選んだカードと、選んだ理由を話すだけでそれぞれの思いが素直に表現された
49枚の414カード

 414カードを紹介してくれたのは、今回のゲスト、一般社団法人がんサポートナース代表の沼澤(片岡)幸子さん。
 沼澤さんは、がんサポートナース設立の思いを次のように語っている。

 がん患者さんが、一番辛かったと記憶に残っているのが、「がんと診断された日」。
 頭が真っ白になり、混乱したまま病院をあとにした方は沢山いらっしゃいます。しかし、外来という機能上、時間をかけて関わることが難しく、一番大切な心のケアが行き届きません。
 こうした、医療のすき間を満たす必要性を痛感し、2019年10月に法人を立ち上げました。
 今後は、地域で緩和ケアを提供できる看護師を育て、がんと診断されたときから住んでいる地域で気軽にケアが受けられる環境を作っていきたいと思っています。
 そうすることで、病院勤務で心身共に疲弊していく看護師を減らし、患者さんも医療職も共に自分らしく人生を豊かにしていけるお手伝いをしていきたいと思います。
(がんサポートナースホームページより)

 沼澤さんは、長崎県出身。看護師になって、病院、保育園、看護学校などいろいろな現場での看護を経験し、最後は緩和ケア病棟で4年間勤務した。
 2016年緩和ケア病棟勤務中にバーンアウトを経験し、2ヵ月の休職を経て病院勤務を卒業。 個人で活動していく中で、医療のすき間を痛感し、2019年10月一般社団法人がんサポートナースを設立した。
 がんと診断された人や、家族のサポート、大切な方を亡くした人へのグリーフケア、医療職向けの院外メンターなどを行っている。
 地域における医療のすき間を満たすべく、現場で経験を積んだ看護師が、地域で自分らしく、病院ではなかなか果たせなかった「徹底的に寄り添う看護」を提供できるよう、2020年5月から「がんサポートナース養成講座」を開講した。
 7月には三重県紀宝町に移住。地域医療研修センターの医師や訪問看護ステーションを立ち上げた看護師らととともに、紀宝町の約1万人の住民を対象に心のケアを実施していくと言う。

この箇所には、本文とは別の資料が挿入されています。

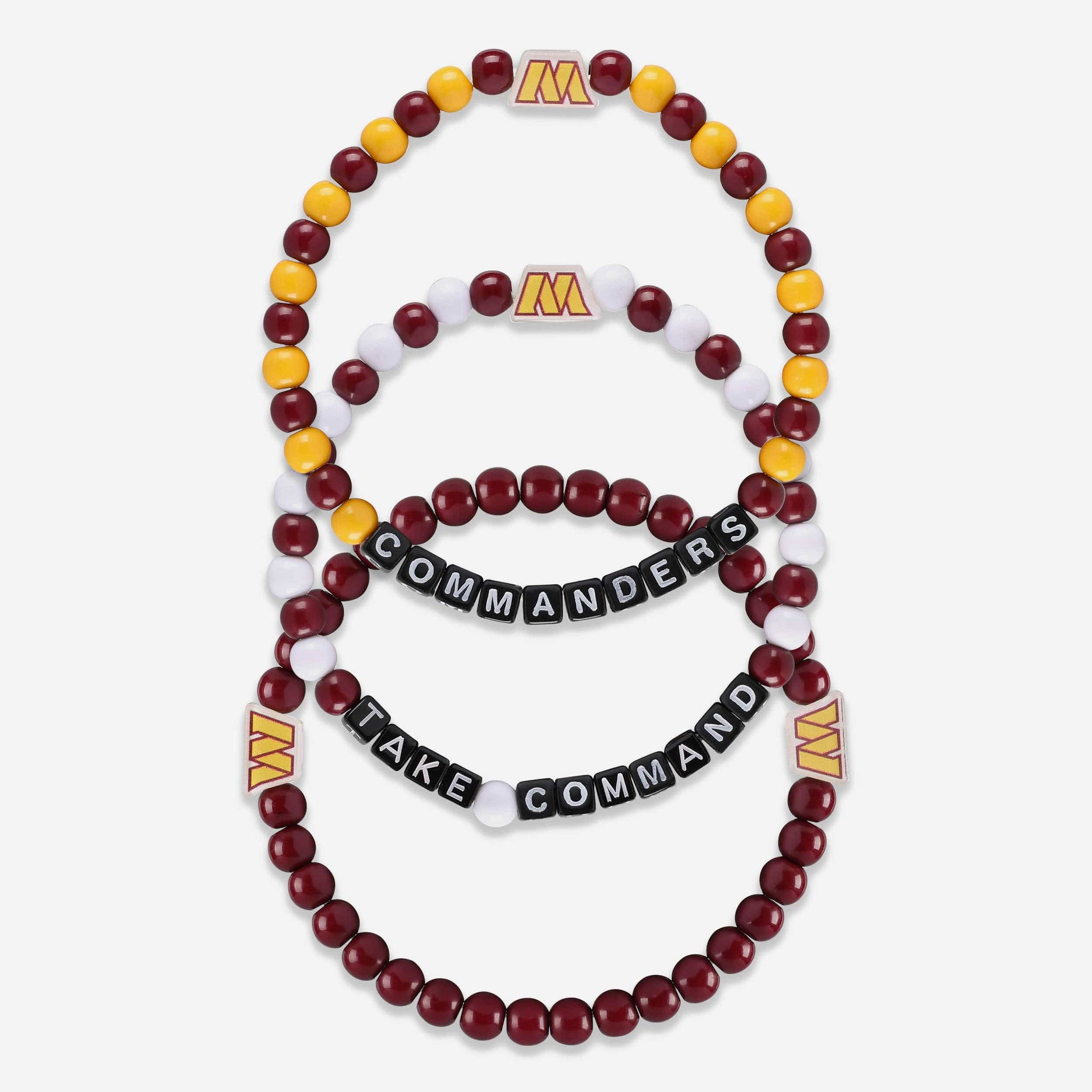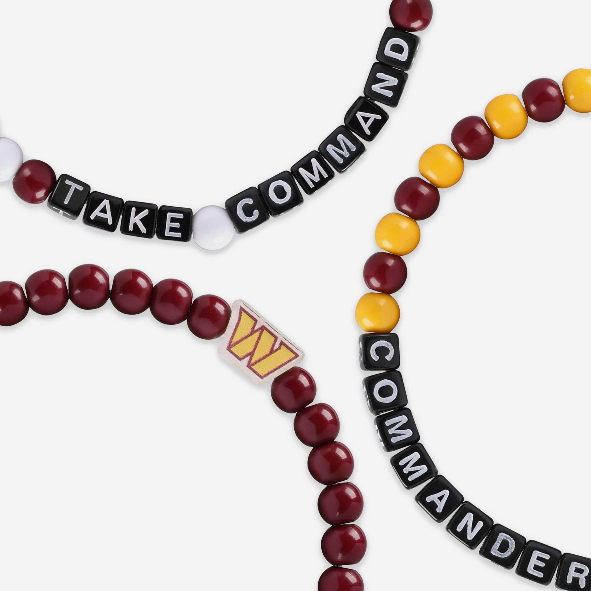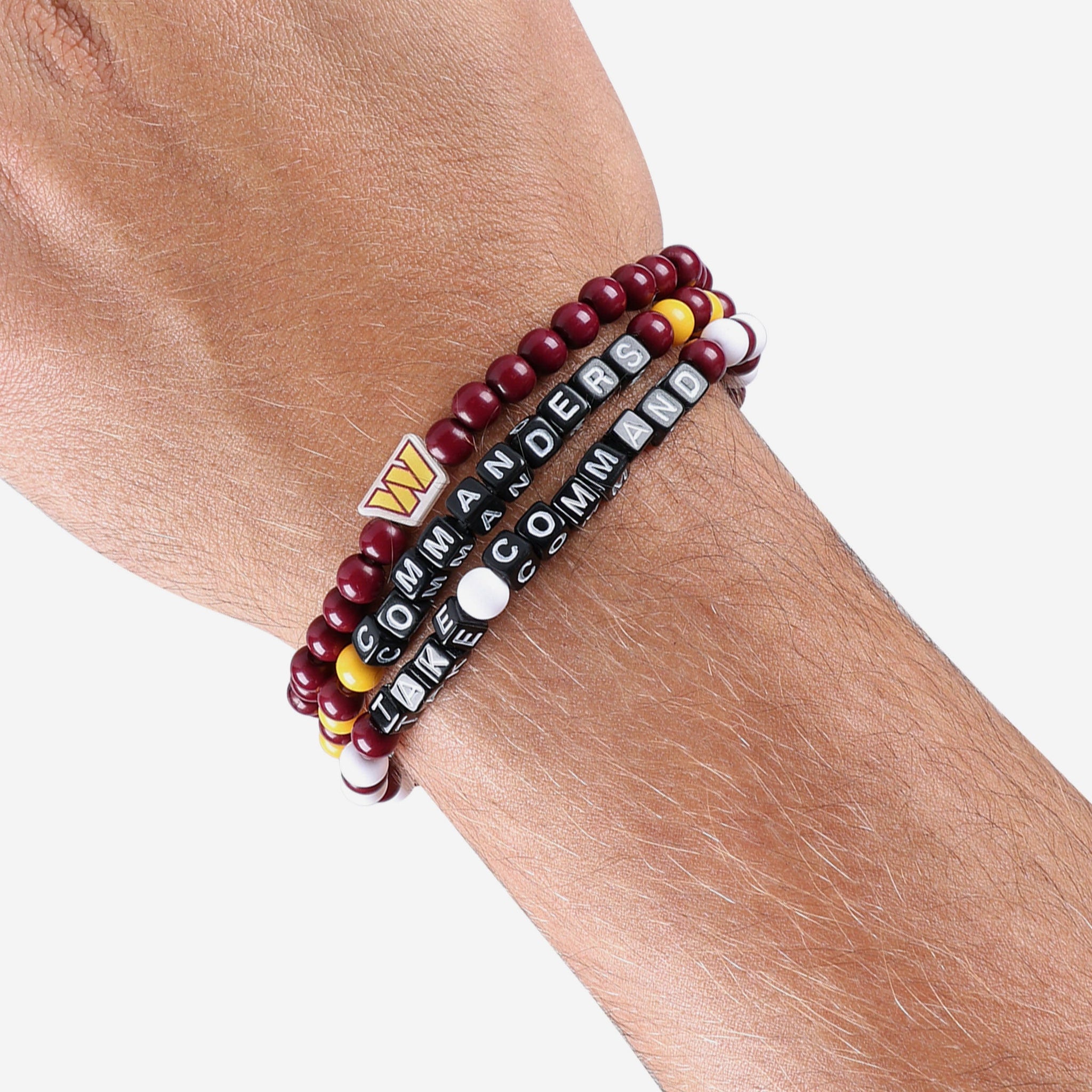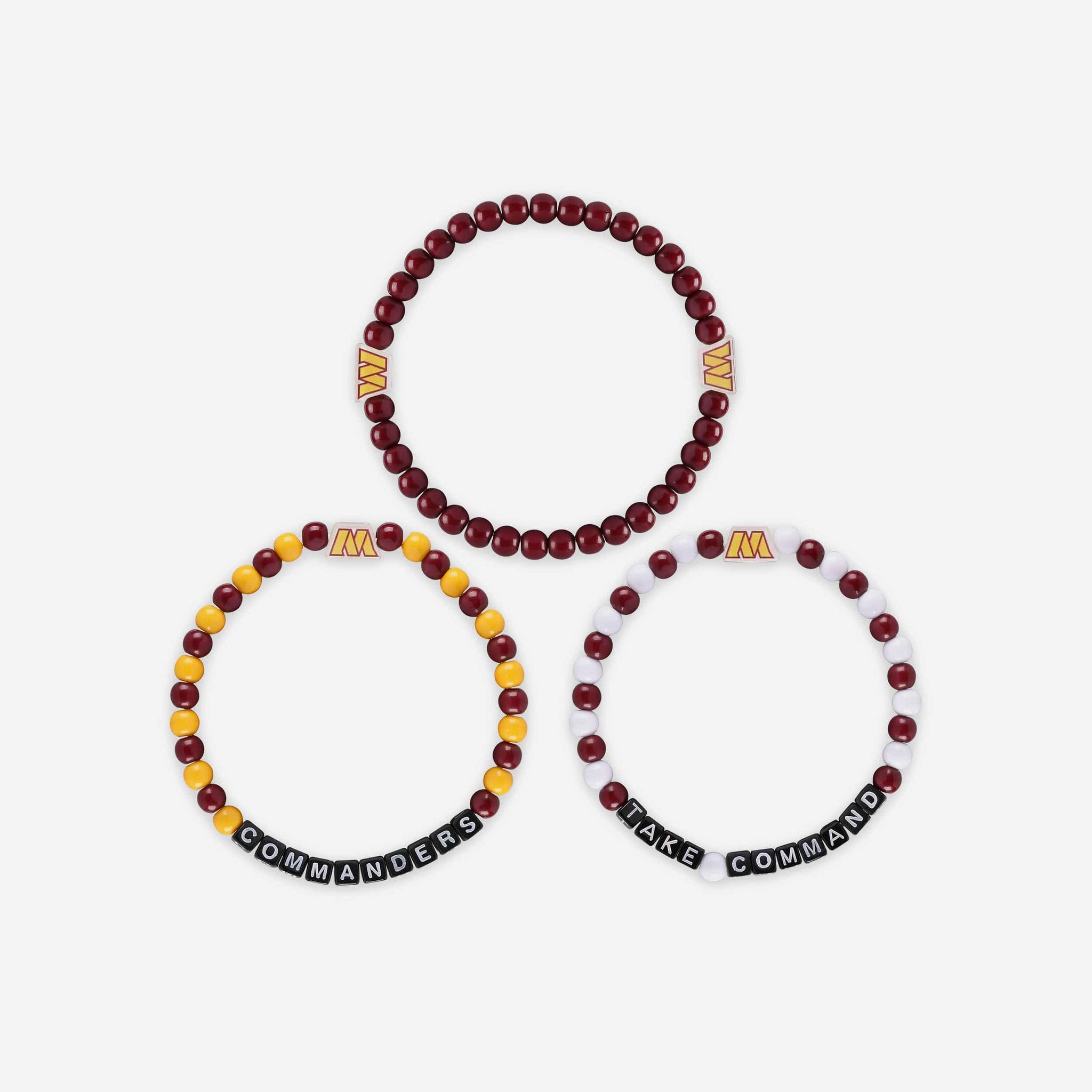 A whole new way to rep the team in style is here. Step up your fan fashion sense with this Washington Commanders 3 Pack Beaded Friendship Bracelet. These matching friendship bracelets have an all-over team-colored design and team logo displays, which makes them the perfect way to show your support for the Washington Commanders on gamedays and every day in between.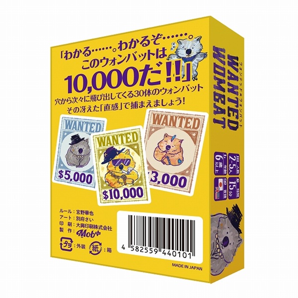 | 商品内容 | わかる…。わかるぞ…。あのウォンテッド・ウォンバットが進化したんだ! 出てくる数字を予想して山札をめくり、当たっていたらカードを獲得できる。そんな簡単すぎるルールなのに、気が付いたら大熱狂間違いなし。 その秘密は山札にひそんだウォンバットたちの「出てくる確率」です。一番低い懸賞金の千バットは16枚も入っていて、一番高い万バットはたった2枚だけ。 じゃあ千と言えば良いだけじゃないか……と思えば、いきなり登場の万バット!それなら……万バット! と宣言すると、出てくるのは千バットばかり……。 でも、逃げていたウォンバットは記録されていくので、当たる確率はどんどん変わっていきます。しかも万バットは外しても逃げず、巣穴(山札)に帰っていくのです。 まるで生きているかのように宣言をかわしてくる山札に、他の人たちは抱腹絶倒。めちゃくちゃ盛り上がるパーティゲームの新定番です。 日本のボードゲーム界隈で人気のイラストレーター「別府さい」さんのアートワークが魅力です。 ■第二版のポイント■ ①マニュアルが読みやすくなり、英語マニュアルも付属! ②一部のカードが金の箔押し仕様となり、更にゴージャスに! プレイ人数:2〜5人/プレイ時間:15分/対象年齢:6歳以上 |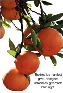 નારંગીનું ઝાડ આપણને દાતા લાગે છે, કારણ કે આપણે તેના ફળો ખાઈએ છીએ, પરંતુ આપણે છુપાયેલા દાતા (ચેતના) ને જોવામાં નિષ્ફળ જઈએ છીએ, જે સૂર્યપ્રકાશ, પાણી અને માટીમાંથી પોષક તત્વો દ્વારા વૃક્ષને પોષણ આપે છે.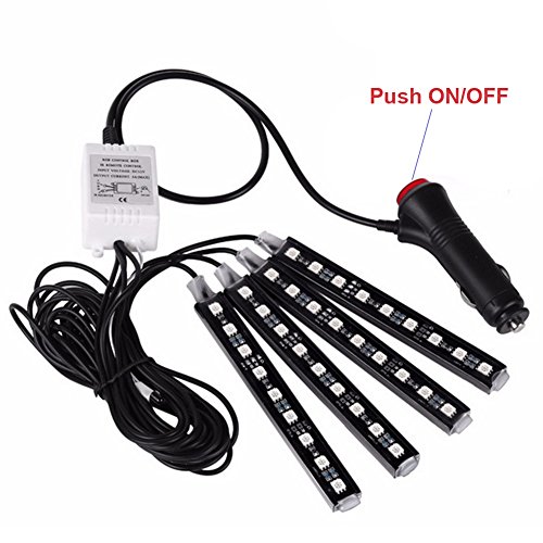 Size: Light Bar Length: 12cm(4.7inch) Light Strip Wire Length: 2 x 120cm(47.2 inch) 2 x 160cm(63 inch) Cigarette Lighter Wire Length: 50cm(19.7 inch) NOTE: 1.Please remove the battery cover before using the remote. 2.The remote should point to the box with the receiver. 3.Supply voltage of this product is DC 12V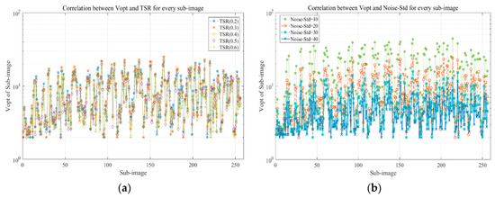 Correlation between , TSR, and Noise-std of sub-images: (a) Noise-std = 20, (b) TSR = 0.4.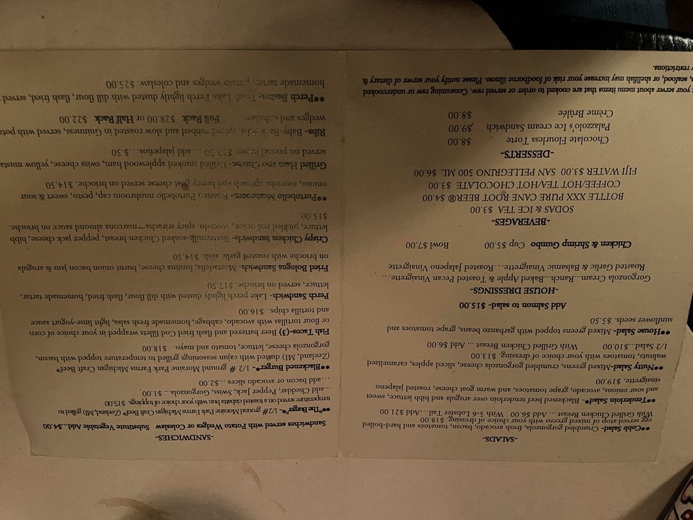 Lake perch fillets lightly dusted with dill flour, on brioche with our homemade tartar sauce, topped with lettuce.
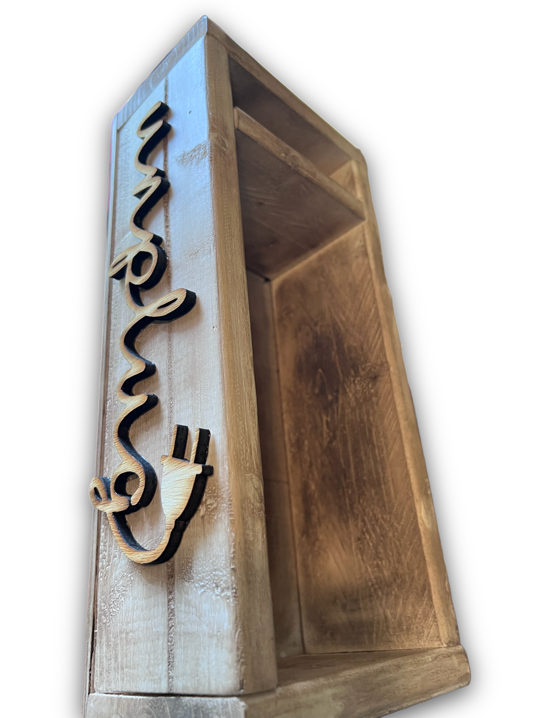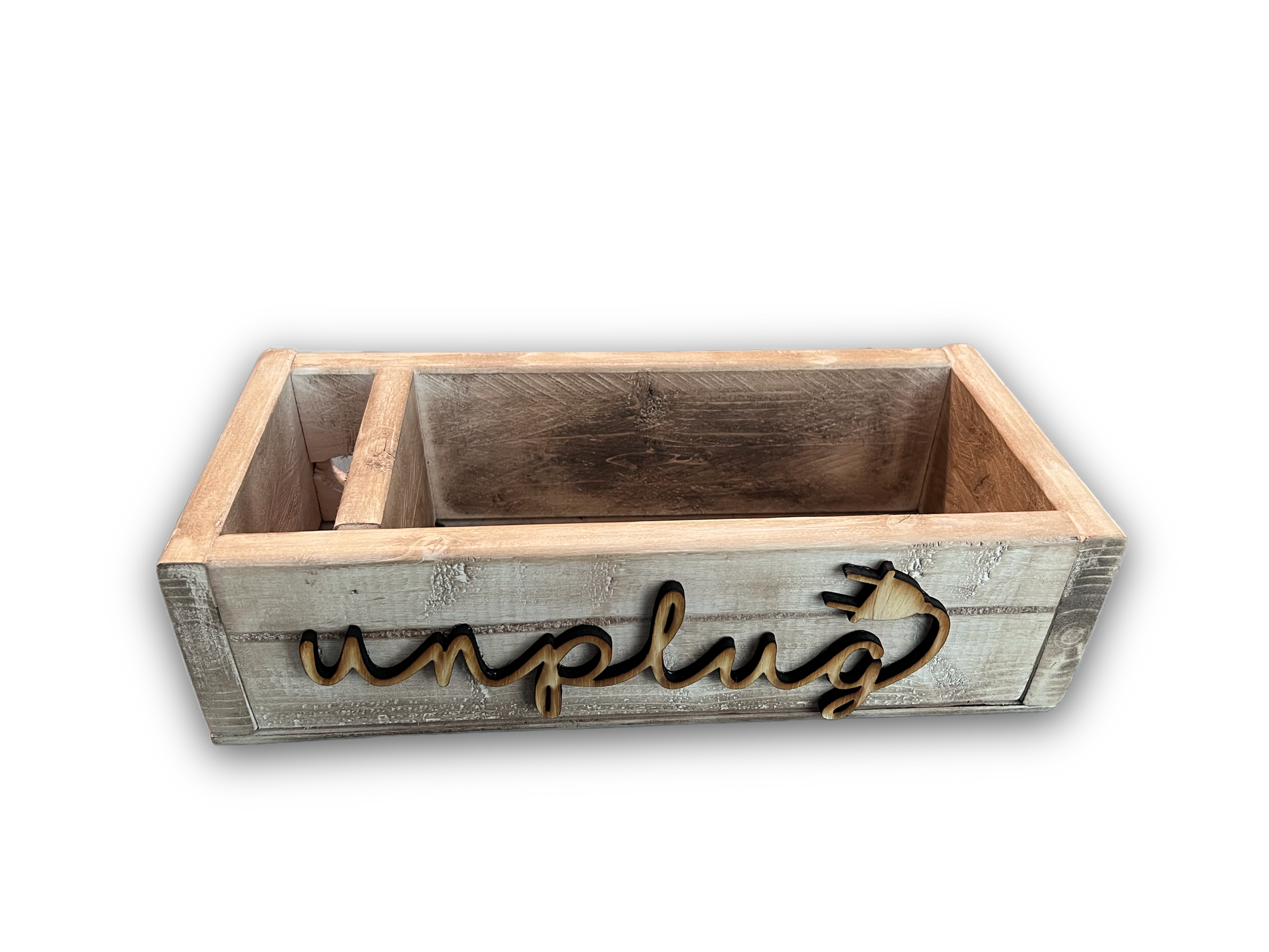 “Unplug” Device Caddy for mobile devices such as, cell phones, tablets, iPads, Nintendo switch, DS, etc. side partition allows for easy cord access so you can charge devices while “unplugging” from the digital world and reconnecting with family friends. Perfect for device restriction! Very sturdy and measures 13x6x4.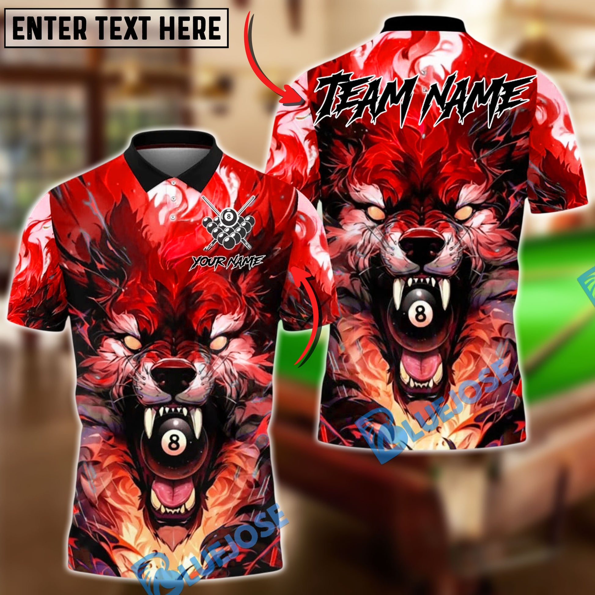 BlueJose Billiards 8 Ball Wolf Double Flame Personalized Name, Team Name Unisex Shirt (4 Colors)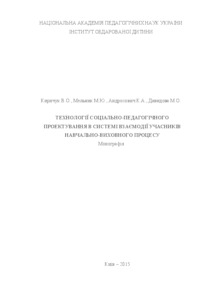 The monograph reveals theoretical principles of the features of socio-pedagogical design and guides practical aspects of designing educational activities in the educational process of an educational institution for the purpose of student’s personal development. For researchers, managers, teachers, psychologists, secondary schools stuff, students and all interested in implementing the principles of project-oriented pedagogy.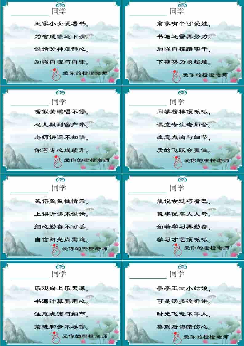 02【打油诗】72则创意期末评语-每页8张 2周前 评语 503 ——预览已结束,还剩7页未读——开通会员后可免费下载高清完整文档 资源下载此资源下载价格为15米,VIP免费,请先登录 资源下载下载价格15 米VIP免费请先登录 0 0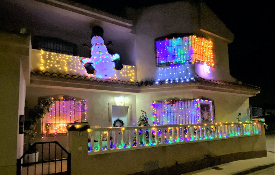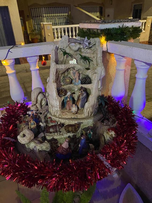 En este caso, además de la colorida iluminación, ofrece un muñeco de nieve y la imagen de un gran niño Jesús, a lo que se suma un Nacimiento en el suelo, con figuras de la sagrada familia, los Reyes Magos y pastores.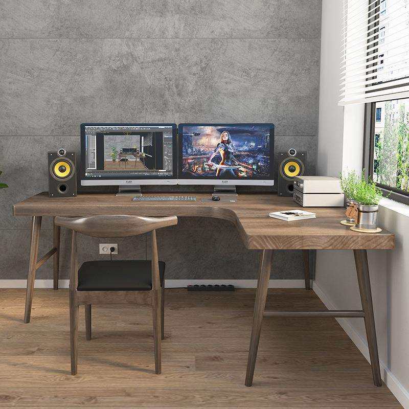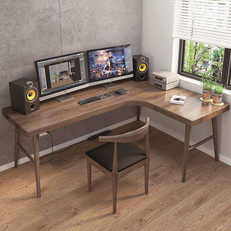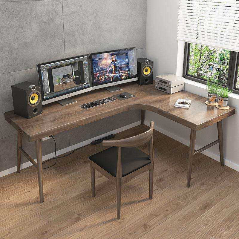 📚 实木L型电脑桌卧室转角电竞桌家用书房学习写字桌拐角办公工作台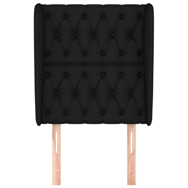 Posteljno vzglavje - Vzglavna omarica - Nočna omarica z ušesi črno 83x23x118/128 cm blago

 心のケアをライフワークとする沼澤さんにとって414カードとの出合いは必然だった。414カードを使った死生観を語るワークショップをたびたび開催。今回は、マザーリーフデスカフェとの〝共同開催〟となった。

 414カードを開発したのは、がん患者やその家族が、気軽に訪れ、安心して話をする場を提供している特定非営利活動法人 幸ハウス(東京・千代田)。クラウドファンディングで広く支持を集め、中部電力の資金援助も得てカードを作った。
 幸ハウスのホームページによると、414(よいし)カードの目的は①自分の思いを大切にできて自らの生き方(死に方)を選べる社会をつくる②誰もが死生観を語り合える文化をつくる。
 対象は、死を前にした人だけではない。「病気になる前の人、死について話をしてみたいと思っているけれどその機会がなかった人、この機会に死生観について語りたい親子(3世代)などの対象者が『死生観』を考え語り合えるように設計されている」とのことだ。「60代以上の方は自分と残される人のために、30~50代の方は自分の生き方と親や子ども達と話せるように、20代以下の方は自分の生き方のために」使うよう、提案している。

 参加者一人ひとりが自分の今の死生観に合った言葉が書いてあるカードを選び、カードを掲げながら、なぜそのカードを選んだかを語った。

選ばれたカード

 「人との温かいつながりがある」は人気のカードで複数の人が選んだ。コロナ禍で制約されていたふれあいの大切さを実感したのかもしれない。
 「人と繋がっていることが好き」「つながりがないと生きていけない」「生きるエネルギー」「迷うことなくこれを選んだ」「人とのつながりがあるから今がある」(みんなの頑張り、いろいろな世界を見たい」などの理由があがった。

「誰かの役に立つ」も複数あがった。

「自分が大切にしているものを大切にする」 
 普段から子ども達にも、本当にやりたいと思うことをやりなさいと言っており、誰かと比べるのではなく、自分が大事だな、と思う方を選ぶべきと感じていると語った。
 子供とも共有できる言葉だ。

 自分の年齢を意識した選択も多かった。
 「心残りがない」
 誰しも心残りはある。それをなくす!
「必要のないものを手放す」
 いろいろなものに興味を持ち、いろいろなことをしてきたが、そろそろ人生の日暮れ時。何かを突き詰めたい。
「過ごしたい場所にいる」
 今は元気だが,これからずっと歩けるかどうかはわからない。行きたいところに行きたい。
 「自分が望む姿でいる」と言うものもあれば、逆に「自分の身体がどう変わっていくかを知る」と言うものもあった。

 進行役の沼澤さんは、参加者が414カードを使ってそれぞれの死生観を明らかにした感想をさらに聞いた。

 同じカードを選んでも、それぞれに物語があってそれが凝縮された形で明らかにされた。
 過去があって、明日がある。思いや問いがそこにある。
 目指す方向決まる。
 ブレずに生きていく一歩になる。
 定期的にやるといい。

 沼澤さんは「正月にカルタをするみたいに、やるのがオススメ」と話していた。
 カードが「本当のことを言う機会与えてくれる」
 グリーフケアにもなる。
 職場でもやりたいし、家に一つは常備したい。

 自分で考え、自分で決めることをうながしてくれる。

 デスカフェと、とても相性の良いツールであることがわかった。